Some things are just meant to be together. Like Sushi and Sauvignon Blanc.
The crayfish season is open along the Cape coast, so why not use this delicacy to make beautiful little rolls and serve them as appetizers with big beautifully-chilled glasses of Leopard’s Leap Sauvignon Blanc? You will delight your guests!
But do you feel intimidated by the idea of making your own sushi? Don’t!
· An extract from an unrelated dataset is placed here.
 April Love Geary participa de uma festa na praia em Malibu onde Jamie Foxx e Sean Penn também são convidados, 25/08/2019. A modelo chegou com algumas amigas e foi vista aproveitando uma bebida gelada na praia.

Follow our step by step recipe below and if you really feel inspired, remember to book for our Seamless Sushi #CookingClasses on 6 or 21 January.
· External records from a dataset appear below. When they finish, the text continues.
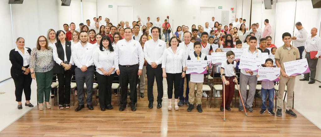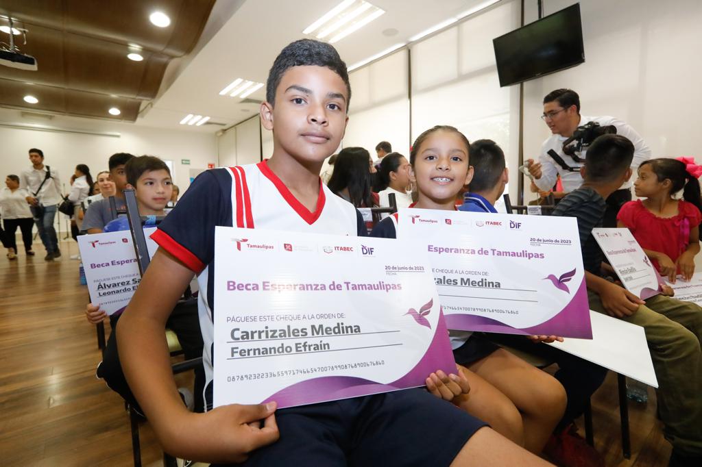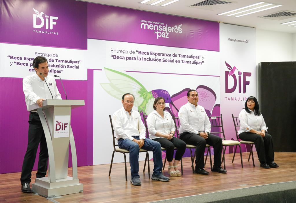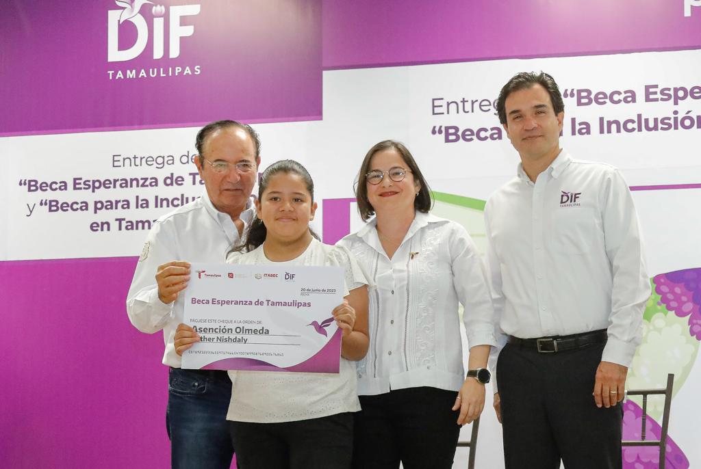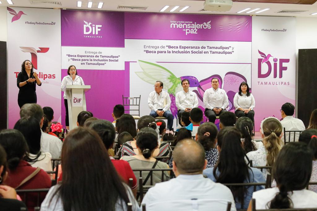 Ciudad Victoria, Tamaulipas. Para garantizar el acceso y permanencia en el sistema educativo estatal a las niñas, niños y jóvenes tamaulipecos en situación de vulnerabilidad y contribuir a disminuir la deserción escolar, el Sistema DIF Tamaulipas que preside la doctora María Santiago de Villarreal junto a la Secretaría de Educación de Tamaulipas, realizaron una entrega simbólica de 20 becas “Esperanza de Tamaulipas” y “Por la Inclusión Social en Tamaulipas”, de un total de mil 810 que serán distribuidas entre beneficiarios de los 43 municipios de la entidad.
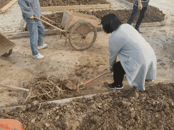 一到劳动区域,同学们就纷纷领取到劳动工具。之后,霍老师耐心地向同学们传授自己的劳动经验以及劳动时需注意的安全问题,“安全第一”是她口中一直重复的字眼。讲解完毕,穿着朴素的霍老师身体力行,率先铲起第一铲土,同学们也立刻进入劳动状态,展现出“不怕苦、不怕脏、不怕事多”的“三不精神”。同学们在霍老师的指导下分组分工、各司其职、相互配合。最终,经过一个小时的“战斗”,“蔬菜园转土”的工作圆满完成。
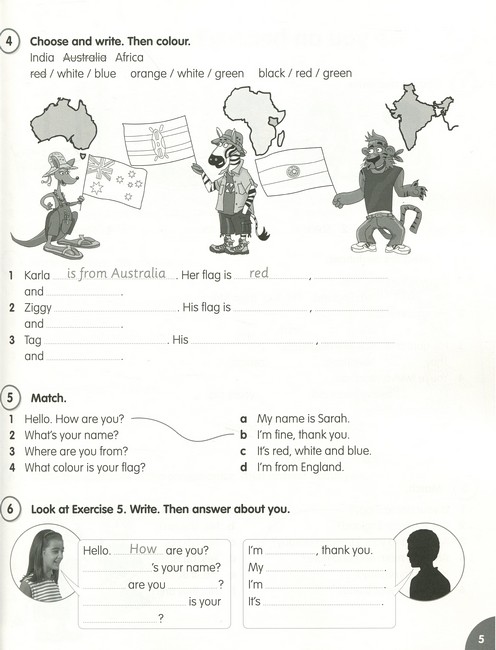 Задания побуждают детей к общению на изучаемом языке. Накопление лексического материала и усвоение грамматики происходит быстро и легко. Особое внимание уделяется формированию навыков правильного произношения, а также изучению букв и звуков. Ознакомление с алфавитом происходит параллельно с обучением письму.
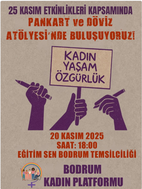 Bodrum Kadın Platformu, 25 Kasım Kadına Yönelik Şiddetle Uluslararası Mücadele Günü etkinlikleri kapsamında, kentteki kadınları bir araya getirecek önemli bir atölye düzenliyor. Şiddete karşı güçlü bir duruş sergilemek ve “Kadın Yaşam Özgürlük” sloganını en gür sesle haykırmak için “Pankart ve Döviz Atölyesi” gerçekleştirilecek.
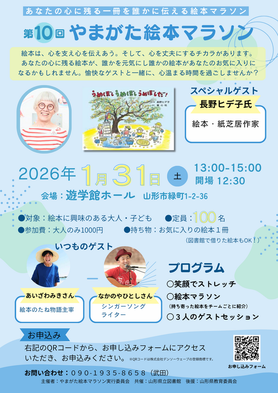 - 問い合わせ先:やまがた絵本マラソン実行委員会 TEL 090-1935-8658
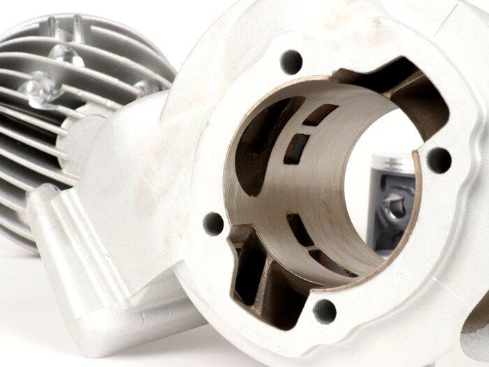 To be able to use the largest possible displacement, the cylinder does not have a spigot base that slots into the engine block. This technique allows a larger piston than usual to be used. With Ø68mm diameter this results in a displacement of 210cc with the standard stroke of 58mm (60mm stroke =218cc) . The kit has been designed to use a TV length conrod, 116mm, with 58 x 116 being the normal crankshaft for the kit. The long conrod improves the smoothness of running and ensures that the piston is positioned higher to prevent it from running out of the cylinder and tilting.
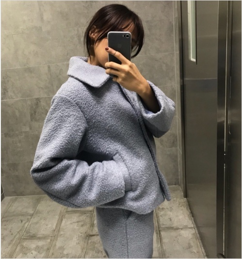 Women`s Simple Cropped Jacket Beige Light Blue

Crayfish California Rolls Recipe
Makes 12 pieces
500 ml sticky rice, cooked
Meat of 2 crayfish tails
1 packet Nori (seaweed sheet)
1 cucumber, thinly sliced into strips
1 avo, sliced
Kikkoman Soya sauce, for dipping
Chopsticks for serving
Cover a makisu (sushi rolling mat) with plastic wrap.
Place half of a sheet of the seaweed over the plastic on the mat.
Place a handful of rice across the seaweed and spread it evenly.
Turn it around so that the seaweed faces upwards.
Place a thin layer of crayfish meat in the centre of the seaweed.
Spread the strips of cucumber and avo onto the crayfish meat.
Squeeze Japanese mayo down the side of the filling.
Start rolling from the bottom, using the bamboo mat to handle the rice sheet.
Once rolled, press firmly to ensure the rice forms a long roll and the filling is tightly pressed.
Roll the roll (!) in sesame seeds, then slice into pieces.
Serve with soy sauce, wasabi and pickled ginger – and of course that glass of Leopard’s Leap Sauvignon Blanc!